*** Opening Recorded data ***

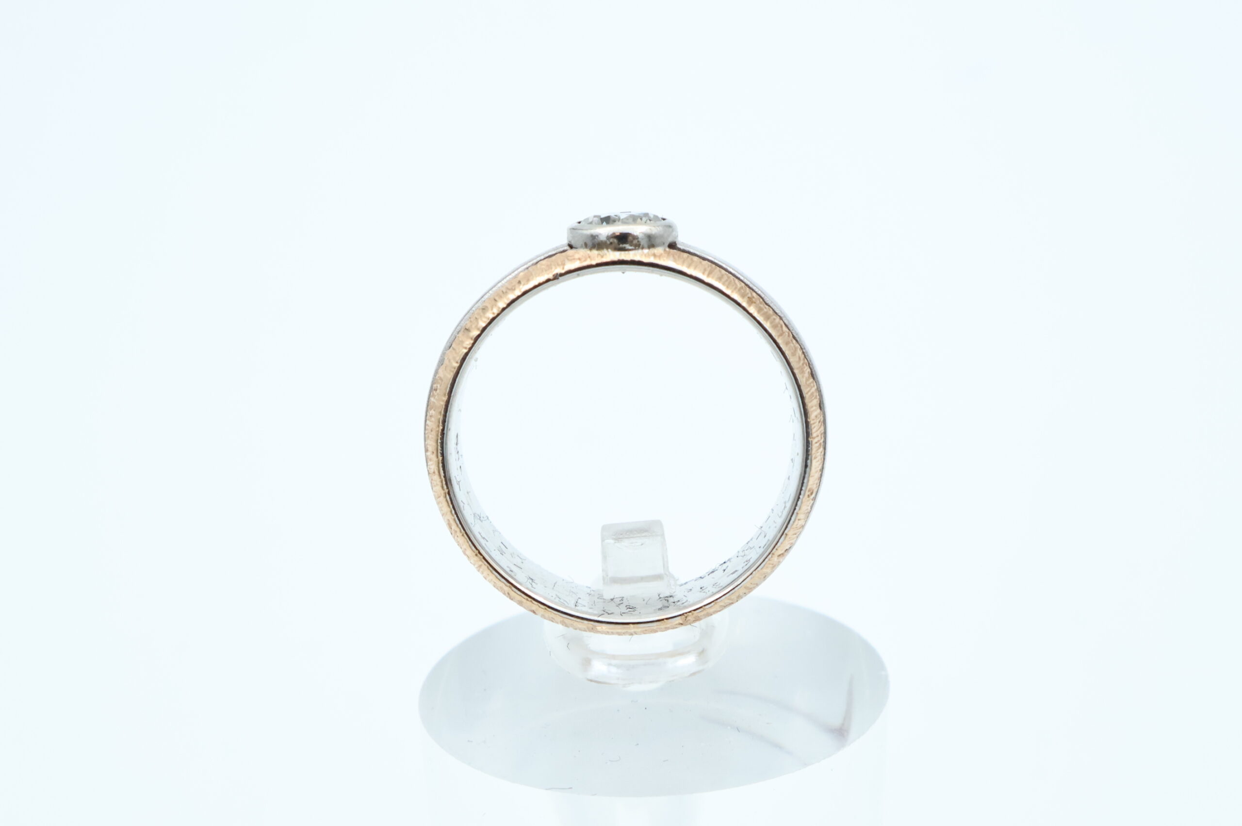 Ring i gult gull med diamanter 14kt gult gull største breddemål 16,61 mm totalvekt 3,09 gram estimert 0.03ct fordelt på
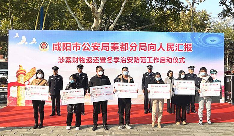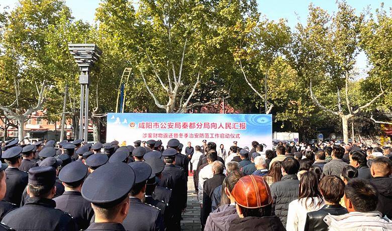 三秦都市报-三秦网讯(记者 陈奋翔)11月14日下午,咸阳市公安局秦都分局在市区中华广场举行“向人民汇报”涉案财物返还暨冬季治安防范工作启动仪式,秦都区委常委、政法委书记孔睿,秦都区副区长、公安分局党委书记、局长姚定国,公安分局党委副书记、政委桂存社,秦都区委政法委常务副书记陈平鸽及分局党委其他班子成员、秦都区各街办政法委员、人大代表、政协委员、警风警纪监督员、群防群治力量、企业代表,分局民(辅)警等共计300余人参加活动。
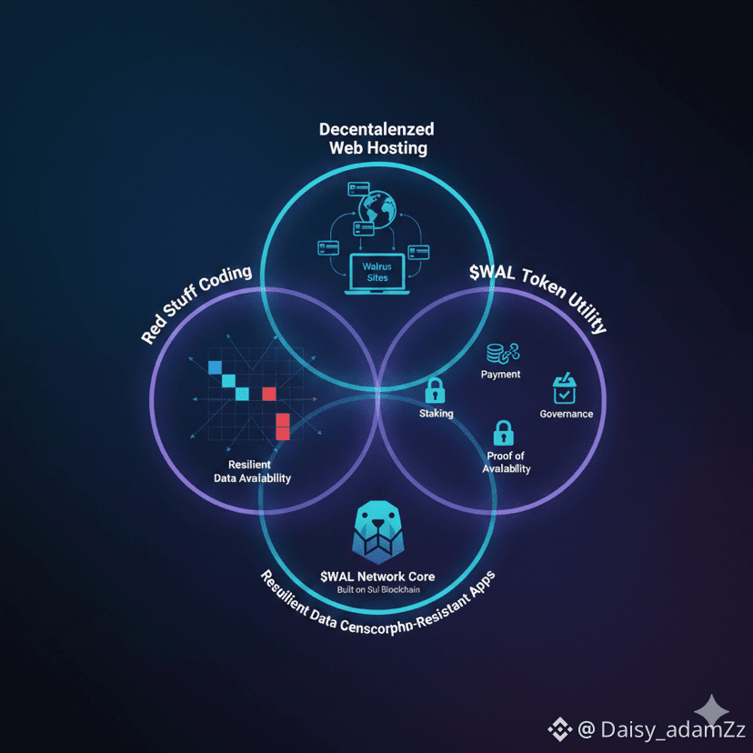 Walrus is not just a storage platform. It is a decentralized infrastructure that combines efficient storage, verifiable data, programmable assets, and support for AI and Web3 applications. Red Stuff erasure coding, verifiable availability, tokenized storage, decentralized web hosting, and high reliability make Walrus a platform that can handle the demands of modern decentralized applications while providing trust and flexibility.
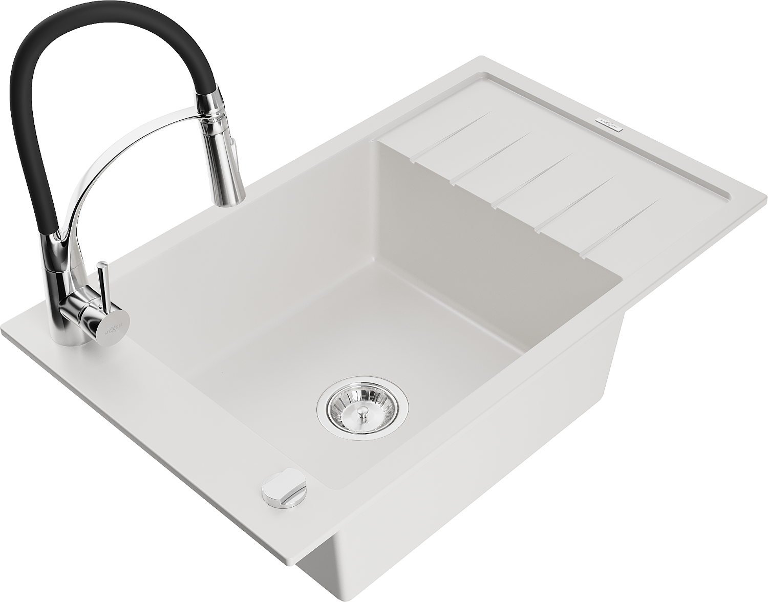 Mexen Elias кухненска мивка гранитна 1-камерна с отцедник и кухненски смесител Aster, бяла - 6511-20-73450-07
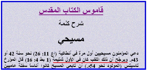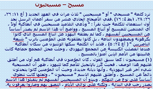 كلمة مسيحي هي نسبة إلى " المسيح "، والمسيح في العربية هو الممسوح وربما تكون مشتقة من الكلمة الآرامية السريانية (مشيحا) والآرامية هي لغة المسيح، وكلمة مسيحي في معظم اللغات الهندوأوروبية مشتقة من الكلمة اليونانية "كريستوس" بمعنى المسيح. http://ar.wikipedia.org/wiki/%D9%85%...8A%D9%88%D9%86 ![]() ![]() ![]() ![]() موضوع ذو صلة : أنقر فضلا هنا المزيد من مواضيعي
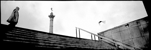 The photograph above is the first panoramic image I have ever taken in France, straight out of the plane, walking out of La Bastille subway station on a cold and gray winter morning of 2000.

*** Closing Recorded data ***

> _About this exercise_
Your reply is to be an exact repeat of the listing above from the line holding "Walrus is not" down to the line holding "Mexen Elias кухненска", ends included, pictures excluded.

> _Task result_
 Walrus is not just a storage platform. It is a decentralized infrastructure that combines efficient storage, verifiable data, programmable assets, and support for AI and Web3 applications. Red Stuff erasure coding, verifiable availability, tokenized storage, decentralized web hosting, and high reliability make Walrus a platform that can handle the demands of modern decentralized applications while providing trust and flexibility.
 Mexen Elias кухненска мивка гранитна 1-камерна с отцедник и кухненски смесител Aster, бяла - 6511-20-73450-07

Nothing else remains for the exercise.